When two become one: Sir Paul Smith has recruited Jonathan Saunders to consult on his womenswear line
According to gossip at the men's shows this week Sir Paul Smith has recruited Jonathan Saunders to "consult" - which is fashion speak for a little moonlighting. Even better, that yarn turns out to be true. A well-placed source confirmed in Milan this week that the young Scottish designer will indeed be working with Sir Paul and his team on their women's clothes for next season.
What refreshing news. So many fashion designers - especially in Europe - are so driven by ego that they can barely acknowledge the existence of their up-and-coming peers. As for inviting them to chuck in some fresh perspective for a collection or two? Jamais.
Paul Smith's women's clothes don't need the input of Saunders. He has an excellent formula based on incorporating the "classic with a twist" masculine tailoring that he invented into a feminine context. So why recruit an outsider?
Saunders, like Smith, relishes colour, tailoring and detail but he ranges much more widely from collection to collection than Smith tends to. Saunders has grown into an expert conceiver of clothes that appeal not only to fashion collectors but women who are more simply in search of an unusual but feminine dress. It will be fascinating to see what of Saunders' aesthetic will be visible in the collection.
READ: Jonathan Saunders spring/summer 2014 show report
The mythology of fashion holds that designers conceive, sketch, and oversee the production of every item that bears their name - or the name of their fashion house - on the catwalk. But once their business is a certain size, that becomes impossible. The truth is that most big-name designers operate more like orchestra conductors than single-instrument soloists. To avoid insanity, they have to hire in designers to help bear the weight of demand.
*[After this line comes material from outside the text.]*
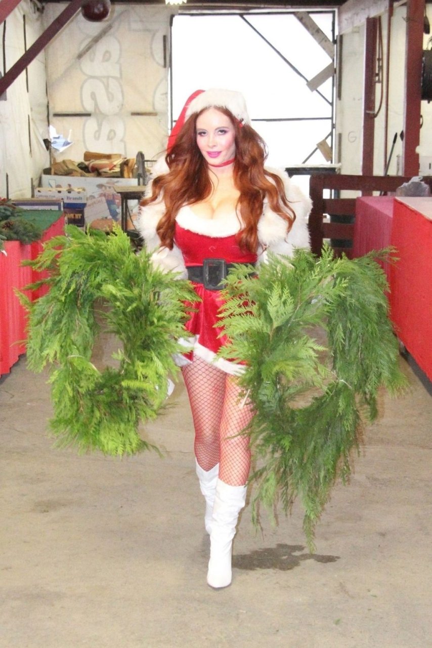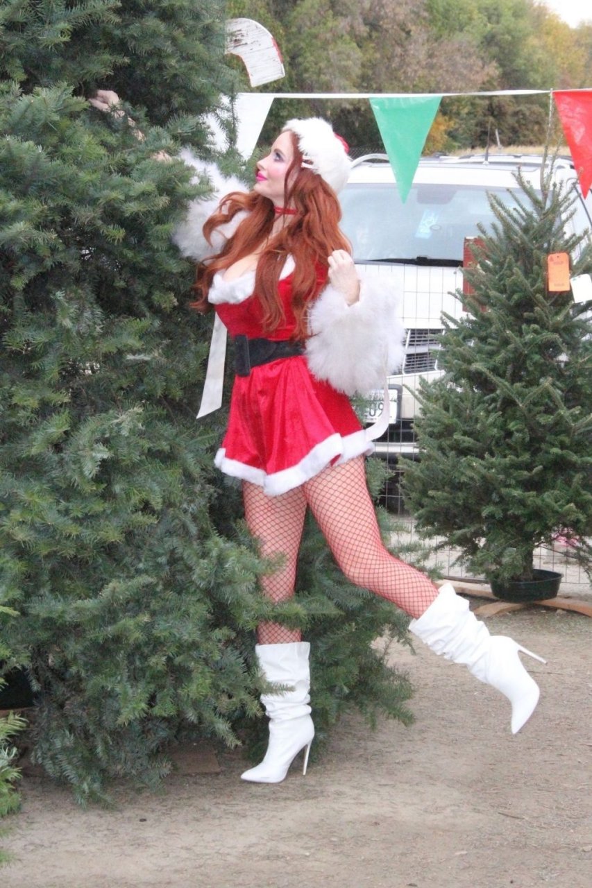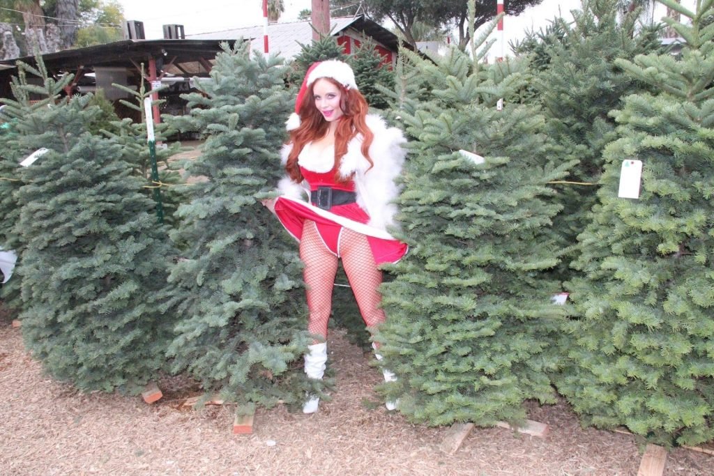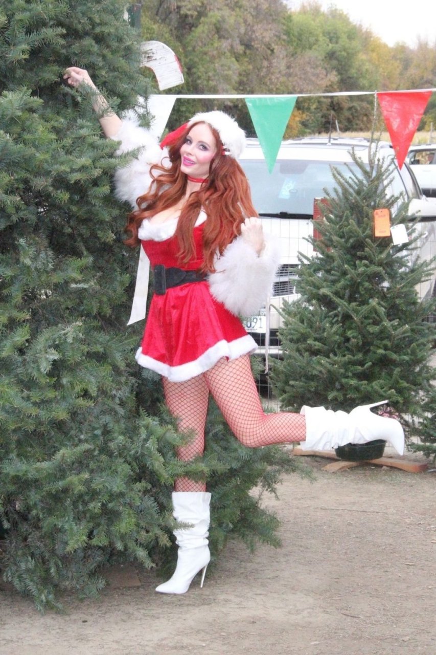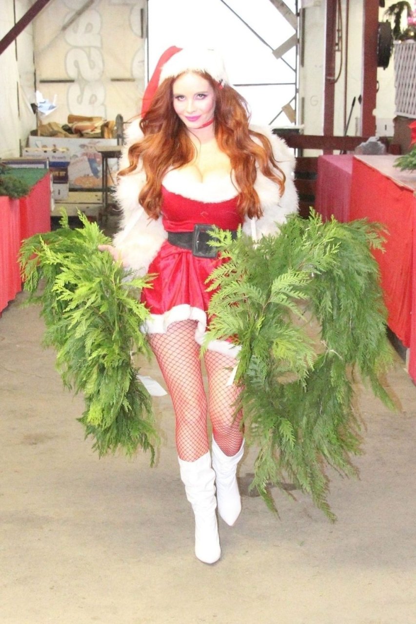 Phoebe Price entra no espírito natalino enquanto se veste de Papai Noel em uma fazenda de árvores de Natal em Los Angeles, 14/12/2018.

What's unusual is to hire in another "author" designer, such as Saunders. He is at a far earlier stage in his career than Sir Paul and still, after one of his women's shows, has the fraught and weepy aspect of a man who has been awake for days designing each detail himself. As well as money in the bank, Saunders should gain more from his spell as a member of Sir Paul's ensemble; after all, the older designer has a 300-strong store network, a huge business in Japan, and a Zen-like attitude to his work.
READ: Inside designer Paul Smith's office
We'd relish more of these high fashion designer partnerships - especially if they're being conducted informally. Here are three we'd be especially fascinated to see:
Jenny Packham at Giorgio Armani: Packham punches well above her weight on the red carpet - she just landed another direct hit designing Dame Helen Mirren's dress at the Golden Globes. So imagine what she could learn from the inventor of modern red carpet dressing.
Henry Holland at Moschino: After the departure of Rossella Jardini, the perfectly hired American designer Jeremy Scott is about to take over at Moschino. But Holland could be an excellent backing singer, especially in accessories, at the house that pioneered visual jokes as fashion.
Erdem at Oscar De La Renta: Although De La Renta's brand of uptown elegance is decades-established and solid as a rock, Erdem could be just the designer to give it a gentle refresh. And the New York-based Brazilian could teach the London-based Canadian a lifetime's worth of wisdom. They'd get along well, too.